Pirfendone is available as 267 mg capsules.
Nintedanib — the recommended dose is 150 mg twice daily, approximately 12 hours apart with food.2 To manage adverse events, the dose may be reduced to 100 mg, or dosing may be temporarily interrupted or even discontinued.
Nintedanib is available as 100 mg and 150 mg capsules.
Pirfenidone and nintedanib represent drugs with new mechanisms of action for the treatment of IFD.
Common adverse events (% vs placebo) for pirfenidone are nausea (36% vs 16%), rash (30% vs 10%), abdominal pain (24% vs 15%), and dyspepsia (19% vs 7%). Common adverse events for nintedanib are diarrhea (62% vs 18%), nausea (24% vs 7%), and abdominal pain (15% vs 6%). Both drugs are associated with an increase in liver enzymes. Nintedanib is not recommended for patients with moderate or severe liver impairment.1,2 Pirfenidone is not recommended for severe liver impairment. Pirfenidone is associated with photosensitivity and rash while nintedanib is embryotoxic.

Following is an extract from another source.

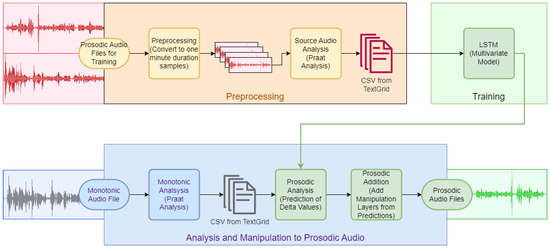 In order to train the LSTM, in the second stage, “training”, the output from the “preprocessing” stage is input into multiple multivariate LSTMs, which are utilized to enhance accuracy and prevent the interdependent variables from affecting the training. Stochastic gradient descent was selected as the optimization function, and mean squared error as the loss function. The third and final stage, “analysis and manipulation to prosodic”, performs the same “source audio analysis” as before but instead of analyzing the source data files now analyzes the monotonic sample. The monotonic sample is a male voice reading from a novel with monotone and singular staccato rhythm. The monotonic analysis of the robotic file is then input into the trained LSTMs in the task “prosodic analysis”, which uses the trained LSTM to create delta values from the original key elements of the robotic sample analysis table to create predictions of these values. The final task, “prosodic addition”, uses the predicted values from the LSTMs to create new layers in Praat for intensity, duration (used by the values of the delta of the length of the syllable, and for the deltas of the pauses before and after), and a pitch manipulation layer, which adjusts the frequency. Merging the manipulation layers with the source audio creates a prosodic audio sample from the robotic audio file.

The safety and efficacy of both pirfenidone and nintedanib were evaluated in subjects with clinically confirmed IPF. Other eligibility criteria were forced viral capacity (FVC) at 50% or more of predicted, and diffusion capacity of lung for carbon monoxide (DLCO) of at least 30% predicted.1,2,3,4 At baseline, the pirfenidone subjects had a mean FVC % of predicted of approximately 68%, compared to 81% for the nintedanib subjects. DLCO % of predicted were approximately 44% and 47%, respectively. The primary efficacy endpoint was decline in FVC. However, this was measured differently between drugs. For pirfenidone, it was the proportion of subjects who had a decline of >/= 10% from baseline to week 52 in the percentage of predicted FVC or who had died. The nintedanib study measured the annual rate of decline in FVC. Pirfenidone was evaluated in three placebo-controlled studies: two showed positive results and the third showed no difference in decline of FVC.1 For study one (ASCEND) (n = 555), 17% of those randomized to pirfenidone met the endpoint compared to 32% for placebo (47% reduction). Study two showed similar results. For nintedanib, efficacy and safety were evaluated in two Phase 3 placebo-controlled studies (n = 513, 548).2,4 Rates of decline in FVC were -115 mL for study one and -114 mL for study two, compared to -240 and -207, respectively, for placebo. The differences vs. placebo were -125 (95% confidence interval [CI], 78-173) and -94 mL (95% CI, 45-143). It is difficult to compare cross studies to try to glean potential differences, but using the pirfenidone endpoint, the 10% decline in FVC for nintedanib was 28% vs 43% for placebo (35% reduction).2 Based on the studies cited in the respective labels, no statistically significant differences in all-cause mortality were observed for either drug. However, when data were pooled from two Phase 3 studies, survival significantly favored pirfenidone.3
IPF is a chronic, progressive, and fatal lung disease characterized by a decline in lung function due to proliferation of fibrous tissue in the lungs. Previous treatment, with limited effectiveness, includes prednisone, azathioprine, and N-acetyl cysteine.5 Pirfenidone and nintedanib are the first FDA-approved treatments for IDF. These drug are effective in slowing the progression of the disease as measured by the decline in FVC. It is not clear whether one drug offers any clear advantage over the other, although some difference may emerge with more clinical experience. The wholesale cost for pirfenidone is $7800 for 30 days and for nintedanib is $8000 for 30 days for both the 100 mg and 150 mg doses.